To develop and validate questionnaire scales that can be used in research to investigate the presence of childhood SRBDs and prominent symptom complexes, including snoring, daytime sleepiness, and related behavioral disturbances.

BACKGROUND:

Obstructive sleep-related breathing disorders (SRBDs) are common but usually undiagnosed among children. Methods to help identify SRBDs without the expense of polysomnography could greatly facilitate clinical and epidemiological research.

METHODS:

Subjects were children aged 2-18 years who had polysomnographically-confirmed SRBDs (n=54) or appointments at either of two general pediatrics clinics (n=108). Parents completed a Pediatric Sleep Questionnaire which contained items under consideration for inclusion in desired scales.

RESULTS:

Item reduction, based on data from a randomly selected 50% of the subjects (group A), produced a 22-item SRBD score that was strongly associated with diagnosis of an SRBD (P<0.0001) in a logistic regression model that accounted for age and gender.

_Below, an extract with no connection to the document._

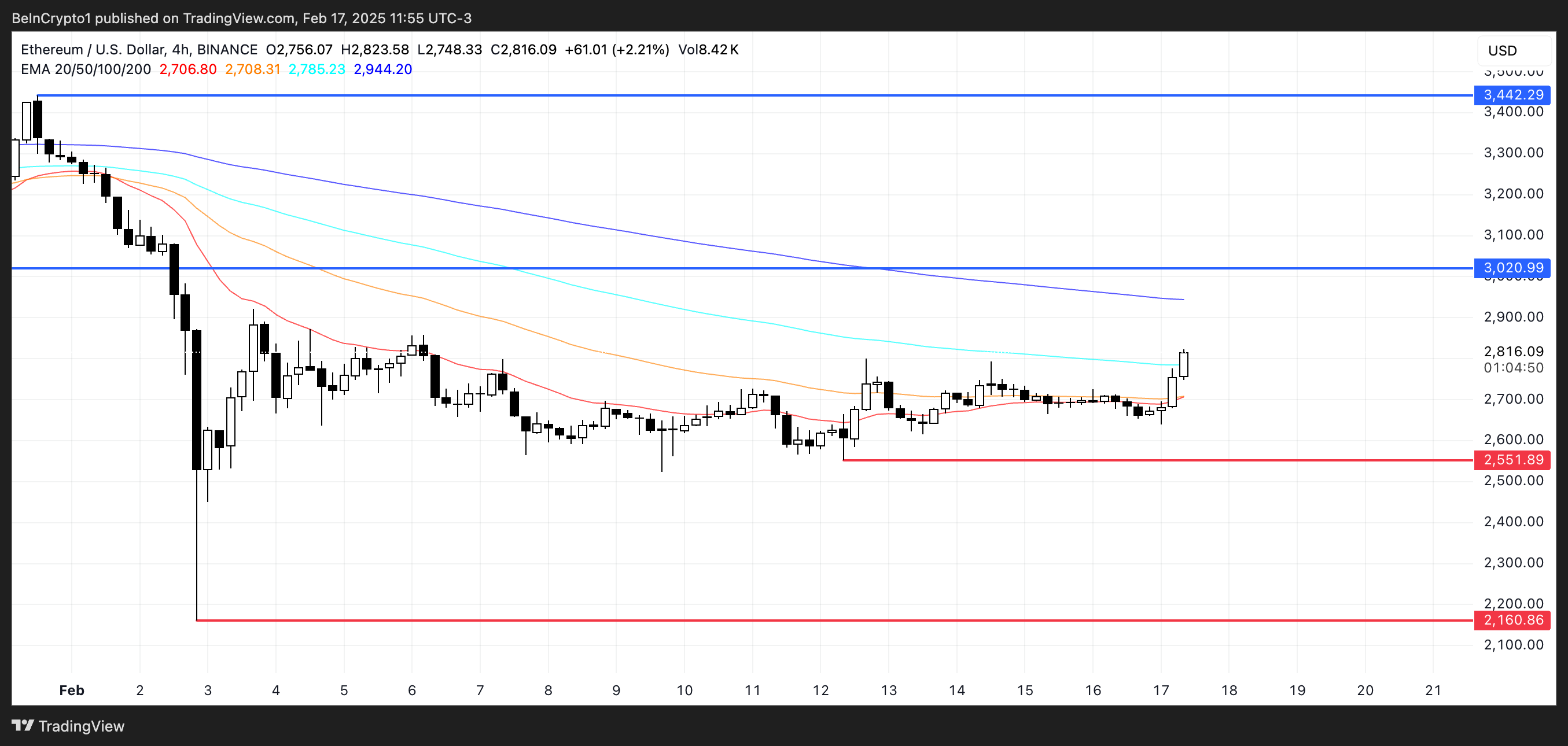 Екінші жағынан, егер төмендеу тренді күшейсе, Ethereum 2 551 доллардағы қолдауды қайта сынай алады.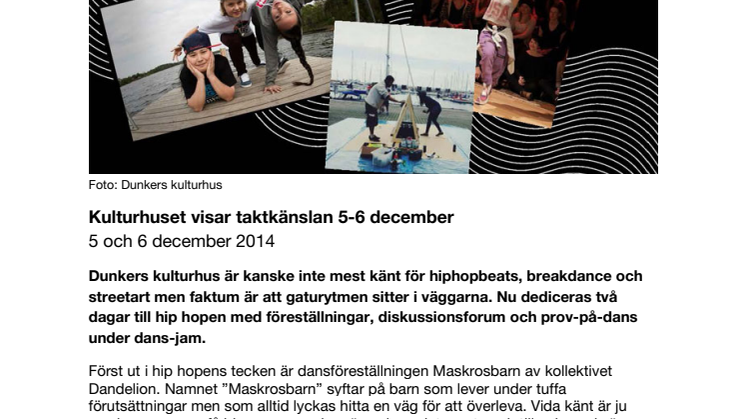 • Helsingborgs kulturhus visar hiphoprytmen 5-6 december

Diagnosis was also strongly associated with subscores for snoring (four items, P<0.0001), sleepiness (four items, P=0.0003), and behavior (six items, P<0.0001) among group A subjects. The scales performed similarly well among group B subjects, and among subjects of different ages and gender. In group A and B subjects, respectively, a selected criterion SRBD score produced a sensitivity of 0.85 and 0.81; a specificity of 0.87 and 0.87; and a correct classification for 86 and 85% of subjects. The scales showed good internal consistency and, in a separate sample (n=21), good test-retest stability.

CONCLUSIONS:

These scales for childhood SRBDs, snoring, sleepiness, and behavior are valid and reliable instruments that can be used to identify SRBDs or associated symptom-constructs in clinical research when polysomnography is not feasible.